“Connection is Part of the Cure“
3rd Annual TEDxWilmingtonWomen: Showing Up // 30 November 2018
Meet the Speakers: Cyrus Rosen for TEDxWilmingtonWomen
Recently, I watched my father give a TEDx talk at the 7th Annual TEDxWilmington Conference. Now it’s my turn to deliver my TEDx talk at the 3rd Annual TEDxWilmingtonWomen. I spent the last three months watching him prepare for his talk. I watched how his talk evolved over the iterations with feedback from a network of supporters. I helped him film practicing his talk. From watching him, I’ve learned how to prepare for a TEDx talk. I am currently writing my first draft, and will send it to friends and family for feedback. I think the hardest part about writing a TEDx talk is the first draft. It’s the time when everything is from scratch. You need to find your content, resources, style, format, and solidify your message. You are laying the groundwork for the final draft.
My idea worth spreading is we can overcome the isolation patients feel when they are first diagnosed. In my TEDx talk, I will share what I learned from interviews with patients. Later today I am meeting with one of those patients to deeper understand her story and the challenges she faced. The preparation for TEDxWilmingtonWomen will be a grueling process, but I know it will be worth it in the end.
the TEDx process: Cyrus Rosen for TEDxWilmingtonWomen
I spent the past five weeks writing my TEDx talk. I started by writing down everything I know about my topic. Next, I whittled the information into a structured outline. I focused the structure of my talk on a timeline of epiphanies that lead to my idea. The epiphanies include: discovering the problem, discovering the problem is widespread, discovering the current solution, and discovering that technology can be used to improve the solution. My talk tells the stories of two young women and their experiences with medical conditions. These stories unveiled problems patients face when they are diagnosed with a medical condition. Those problems are overwhelming isolation and a lack of patient centered information.
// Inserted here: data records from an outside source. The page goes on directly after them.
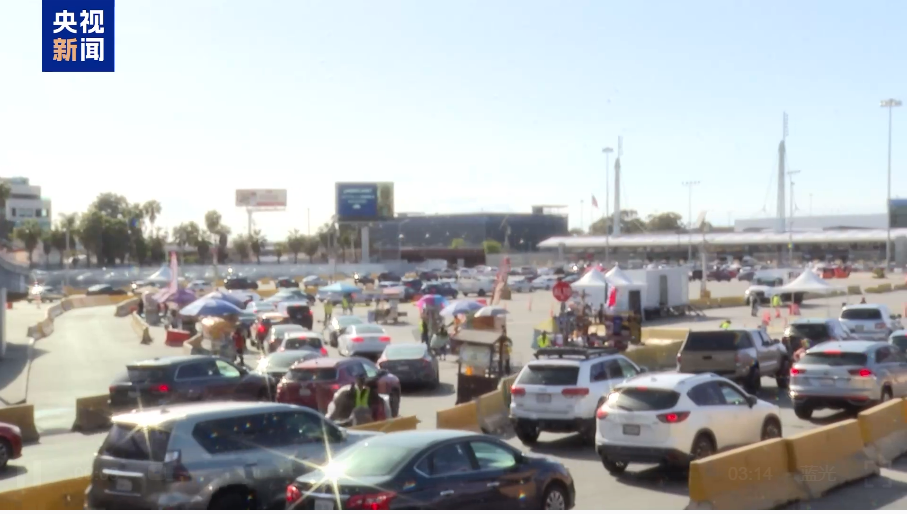 总台记者 肖贺佳:这里是蒂华纳当地最大的一个农贸市场。我来到农贸市场的停车场,发现一个有趣的现象,就是这里停的很多车都挂美国加利福尼亚州的车牌。包括我刚刚指的那一辆车,还有我左手边的这两辆车,全都是加利福尼亚州的。我们做了一个简单的统计,就是在这个停车场停的车,有一半以上都是美国来的车。
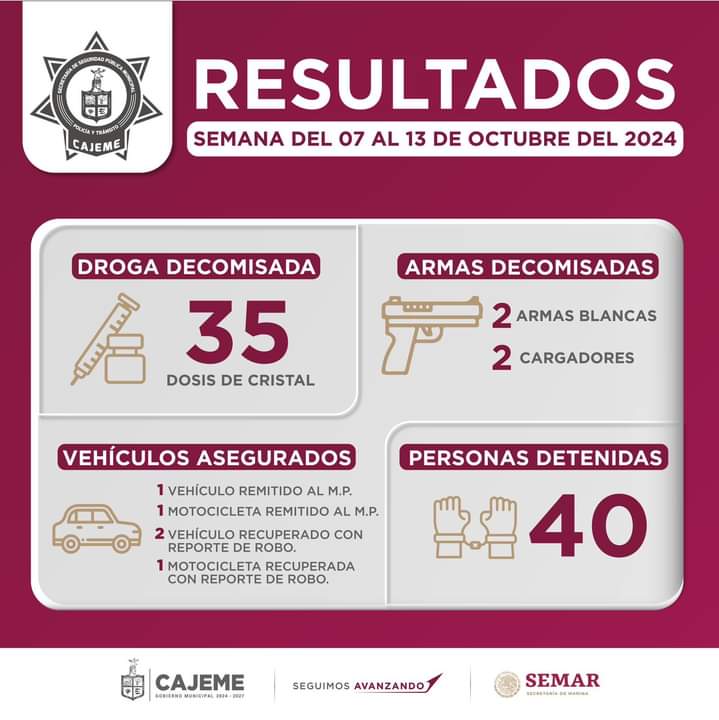La Secretaría de Seguridad Pública Municipal de Ciudad Obregón Sonora México sigue comprometida con el bienestar de todas y todos los ciudadanos. A continuación, presentamos los resultados del trabajo coordinado durante la semana del 7 al 13 de octubre de 2024.
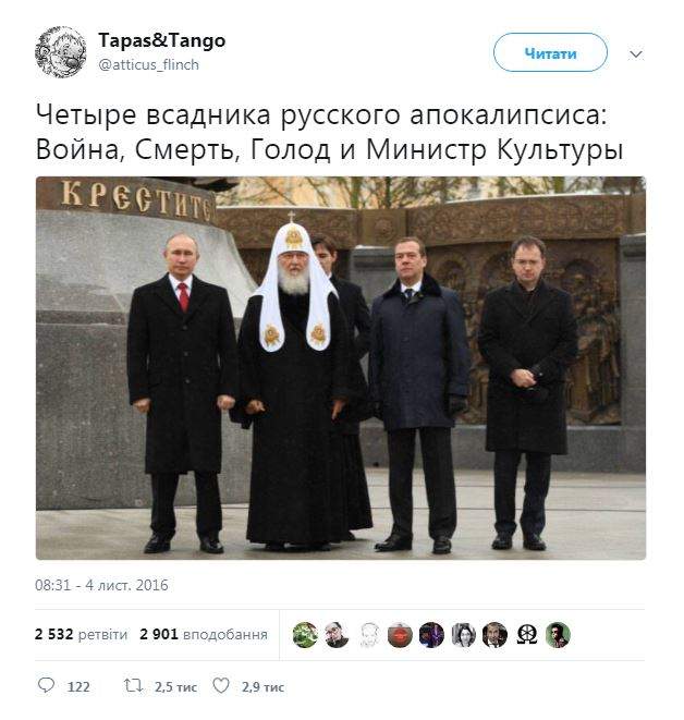 "Четыре всадника русского апокалипсиса: Война, Смерть, Голод и Министр Культуры", - написали в сети.

After writing the basic outline and finding the structure of my talk, I worked every day to refine my ideas and shape them to the outline. I wrote a new draft every day for a week until I found a flow that worked. Next, I sent my talk to a network of editors that include family members, friends, and teachers. It took another week of continuous edits while the stream of feedback trickled in, feeding my progress.
I now have just weeks until November 30, the day of TEDxWilmingtonWomen. I am a few edits away from finalizing my talk. The next three weeks will be devoted to practicing and memorizing my talk. I am also working with a speaking coach to ensure I deliver my message clearly and powerfully.